If there is one major theme or takeaway from the book for me, I think it is best articulated in this quote, about two-thirds of the way through the book, in a chapter about how difficult it can often be in making sense of data, a problem only getting worse as the amount and availability of data continues to explode:
The US Government now publishes data on about 45,000 economic statistics. If you want to test for relationships between all combinations of two pairs of these statistics - is there a causal relationship between the bank prime loan rate and the unemployment rate in Alabama? - that gives you literally one billion hypotheses to test.
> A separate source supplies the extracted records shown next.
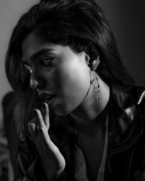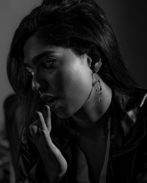 Forged from the rhythm of a summer storm, the 'Fragment of Drip' collection embodies the essence of rain. Each piece—a sleek earpiece, necklace, and ring—captures the bold, fluid lines of raindrops mid-fall. With every glistening curve, this set drips attitude, turning heads and making statements. Adorn yourself with the 'Fragment of Drip' and let every step feel like you're walking in the heart of a storm, dripping confidence.
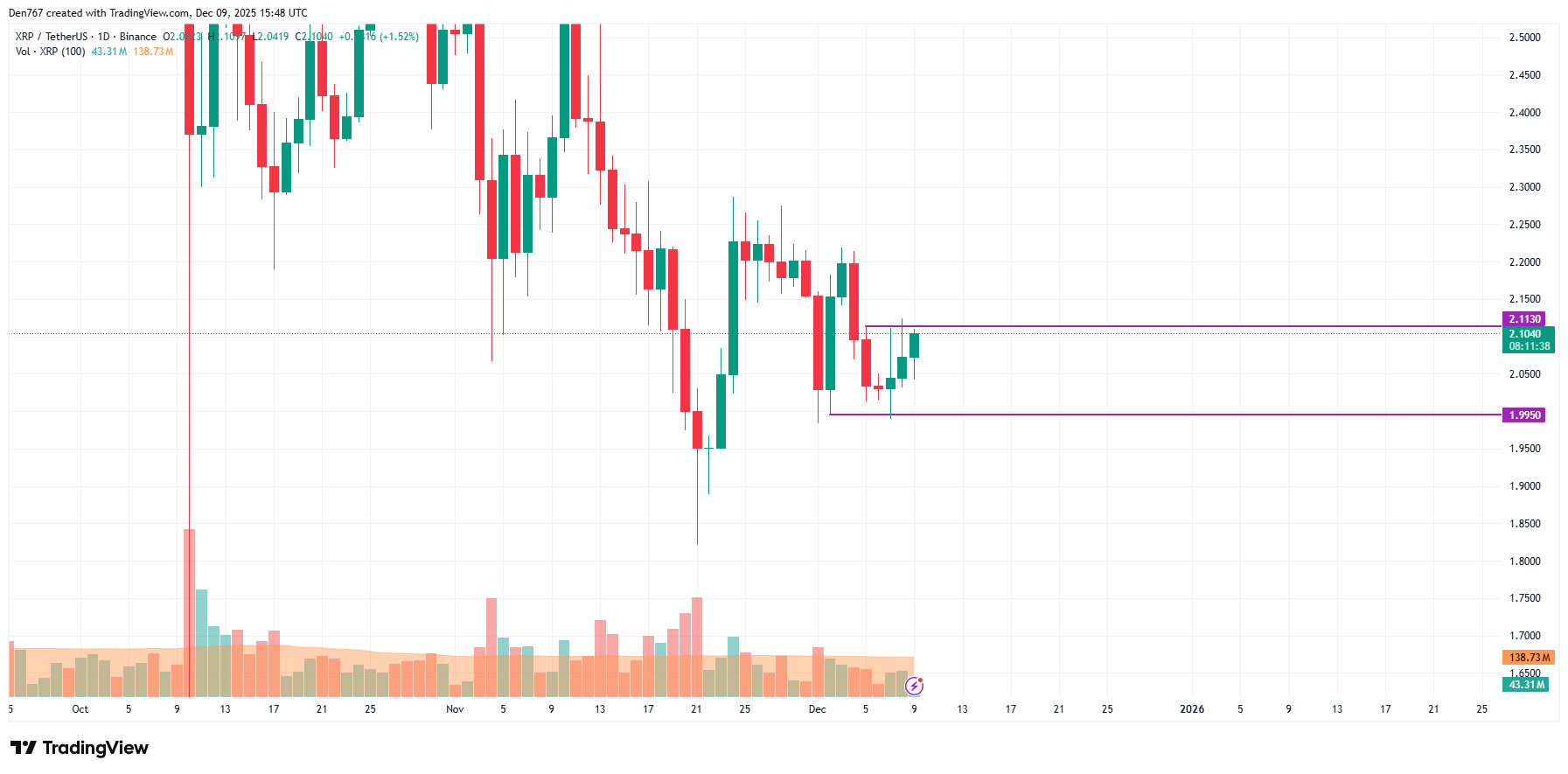 XRP汇率突破2.0827美元局部阻力位后呈现上涨态势。若日线收盘价能站稳该位置上方,短期内极有可能测试2.15美元区间。
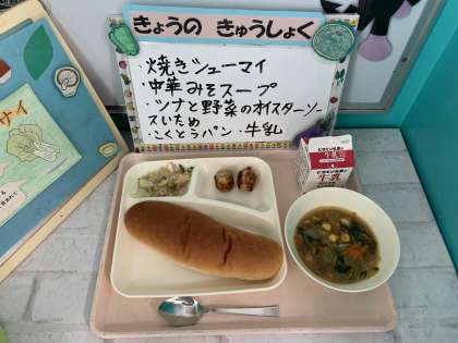 焼きシューマイ、中華ミソスープ、ツナと野菜のオイスターソースいため、黒糖パン、牛乳
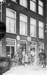 Poserende familie voor het pand van scheepsbenodigdheden …
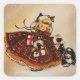 Menina de saia grande e castanha olhando para um filhote preto e branco.

But the number of meaningful relationships in the data - those that speak to causality rather than correlation and testify to how the world really works - is orders of magnitude smaller. Nor is it likely to be increasing at nearly so fast a rate as the information itself; there isn't any more truth in the world than there was before the Internet or the printing press. Most of the data is just noise, as most of the universe is filled with empty space.
In 2013 I promise that you, as an informed, and opportunistic Talent professional will be hearing, seeing, talking, and thinking about Big Data. Data about job ad posting, data about talent assessment scores, data about compensation and retention, data about engagement, data about performance, and maybe even data about data.
As I wrote a couple of weeks ago, most organizations have plenty of data. More than they know what to do with. And the more they collect, as made really clear in the example above, the chances are high that it won't lead to a faster discovery of the truth - it will just unearth more paths to explore.
Which sometimes, certainly, might be needed, but other times, and maybe most of the time, only results in more ways to get lost.
Don't get caught up chasing data just to have more data. The truth isn't going anywhere, and once you think you have it figured out, and feel that the data you do have supports your beliefs, then you'd probably be better served acting, rather than collecting even more data.
Have you read The Signal and the Noise yet? Better get on it, just in case it becomes the 2013 version of Moneyball, and you won't want to feel left out!